A) You treat them with respect, dignity and offer a real career path.
B) You give them quarterly reviews and raises once a year based on performance with a minimum cost of living raise. 
C) You're transparent, honest and you do what you say your going to do for them based on well defined expectations. They know before they get hired what those expectations are. 
4. You hire on attitude first, then on skill set. 
5. You grow your own organically. When able, you hire the best students with the best attitudes out of the trade schools and train them. 
6. You ask to be on the school boards of local trade schools or your local HS and teach the trade opportunity to those not suited or not wanting to go to college. 
7. You have a set of core values that everyone in the company lives by and that you hire and fire from. You hire only the best people and give the rest to your competitors.
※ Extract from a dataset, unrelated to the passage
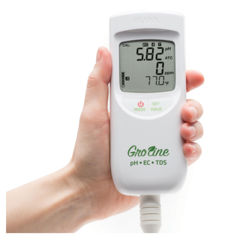 Besin testine basitlik getirmek için tasarlanan HI9814 Portable GroLine Meter, özellikle Hydroponic yetiştiriciler için tasarlanmıştır. Özel elektrot, 3 sensörü polipropilen gövdeye, entegre sıcaklık sensörüne ve kumaş bağlantı noktasına sahip tek sağlam bir probda birleştirir.

After a while, you'll develop the reputation for the place to work and have more candidates show up at your door. 




Or, you can just get union guys not working and pay them off the books. :vs_laugh:


----------



## 3DDesign (Oct 25, 2014)

With this youngest generation, find one to show of for 40 hours.


----------



## telsa (May 22, 2015)

We weed through a TON of duds.

You can't spot the winners by way of any job application.
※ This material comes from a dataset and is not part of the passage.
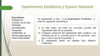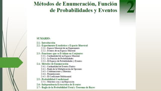 Este documento trata sobre conceptos básicos de probabilidad y estadística como espacio muestral, eventos, funciones de probabilidad, propiedades de funciones de probabilidad, ejemplos ilustrativos, métodos de enumeración, reglas de multiplicación de opciones, combinaciones, muestras y permutaciones. Explica estos temas fundamentales para comprender experimentos estadísticos y calcular probabilidades.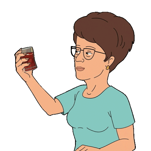 a cartoon of a woman with glasses holding a glass of red liquid

The very best EMT benders are dyslexic, BTW.


----------



## MTW (Aug 28, 2013)

flyboy said:


> 1. You charge the right price.
> 2. You pay and offer benefits that are better then anyone else.
> 3. You have a culture that people want to be in and would never think of leaving.
> A) You treat them with respect, dignity and offer a real career path.
> ...



This ^^^^

It all starts with #1 on this list. If you don't get that right, you won't get anything else right.


----------



## drsparky (Nov 13, 2008)

Secret clone lab.


----------



## CoolWill (Jan 5, 2019)

The methadone clinic.


----------



## LibertyRising (Jan 2, 2018)

I’m already working...


----------



## five.five-six (Apr 9, 2013)

wildleg said:


> same way you find a good wife




Oops.


----------



## MTW (Aug 28, 2013)

CoolWill said:


> The methadone clinic.


Seems to be the approach that some contractors take, actually.


----------



## macmikeman (Jan 23, 2007)

You'll find the best ones on Grinder and Tinder...


----------



## Southeast Power (Jan 18, 2009)

We just hired a CW out of the union hall. I haven't met him, I might not ever but, I hear good things. :smile:


----------



## Switched (Dec 23, 2012)

macmikeman said:


> You'll find the best ones on Grinder and Tinder...
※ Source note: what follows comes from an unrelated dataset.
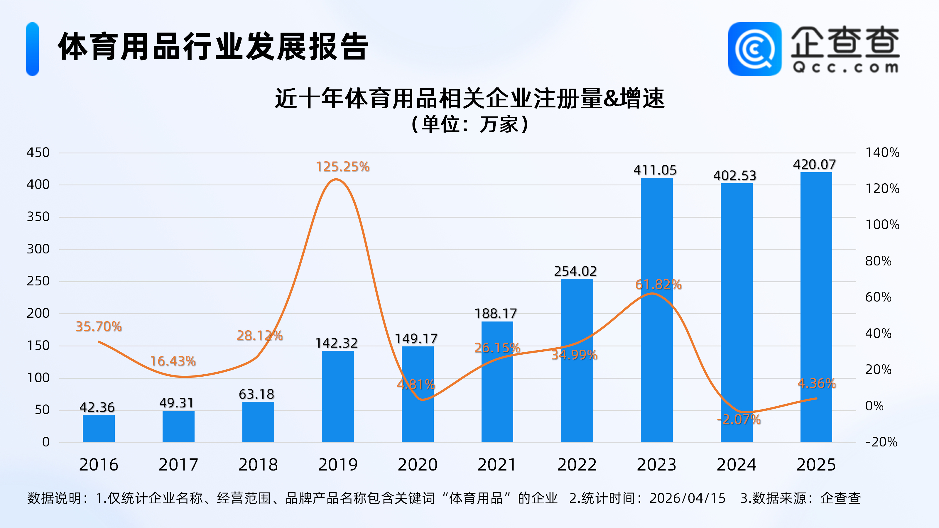 企查查数据显示,截至4月15日,国内现存体育用品相关企业1476.33万家。近十年体育用品相关企业注册量整体呈高速扩张态势,其中2019年全年注册142.32万家相关企业,同比增长125.25%,达近十年注册增速峰值。2025年全年注册420.07万家,同比增长4.36%,创近十年注册量新高。截至目前,今年已注册89.37万家。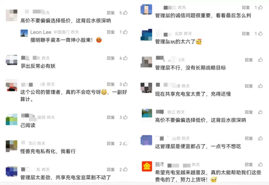 “摆明联手资本一起坑小股东。”有网友直言。与此同时,怪兽充电管理层的管理能力及其诚信问题,也引发广泛质疑。有充电宝行业人士在与《BUG》栏目沟通中直言:“或许他们高管和低价私有化机构商量好的利益分配方案对管理层是更优的,也才有此决策。”

Is that the same as getting in through the back door?


----------



## MHElectric (Oct 14, 2011)

It's been my experience for the last few companies I've worked for that very few guys stay at a company past 2-3 years. That number gets even smaller once you get past the 5 year mark. 

When I first started doing electrical work, it was very common to hear guys say that they had been at a company for 5,10,15,20 years. However, that's not the case anymore. My thoughts are this is partly due to the newer generations of workers, our current culture and the new ways that businesses and contracting oprerates.


----------



## Tonedeaf (Nov 26, 2012)

methadone clinic.

get to the clinic before 5 am...the early birds are the better workers


----------



## Wirenuting (Sep 12, 2010)

CoolWill said:


> The methadone clinic.


HD parking lot. 
They work hard and if you call ICE at the end of the day you don’t need to pay them.


----------



## Switched (Dec 23, 2012)

Wirenuting said:


> HD parking lot.
> They work hard and if you call ICE at the end of the day you don’t need to pay them.


I know a guy that actually did something like that. It did not end well for him or the homes these guys had worked on.


----------



## Wirenuting (Sep 12, 2010)

Switched said:


> I know a guy that actually did something like that. It did not end well for him or the homes these guys had worked on.


That does not surprise me. 
I've used them a couple of times for non-construction jobs. They worked hard for a day's pay.


----------



## Coppersmith (Aug 11, 2017)

I keep hiring people and they keep turning out to be duds. Some fail in the first few days and others can last a couple of months. I have come to the realization that in order for me to get the kind of employees I need I will have to invest in training them which is difficult since I am a small service contractor who can't afford much training. The people I need must not only be excellent electricians and troubleshooters, but they must look good, smell good, and have great customer service skills. All these people are already employed. 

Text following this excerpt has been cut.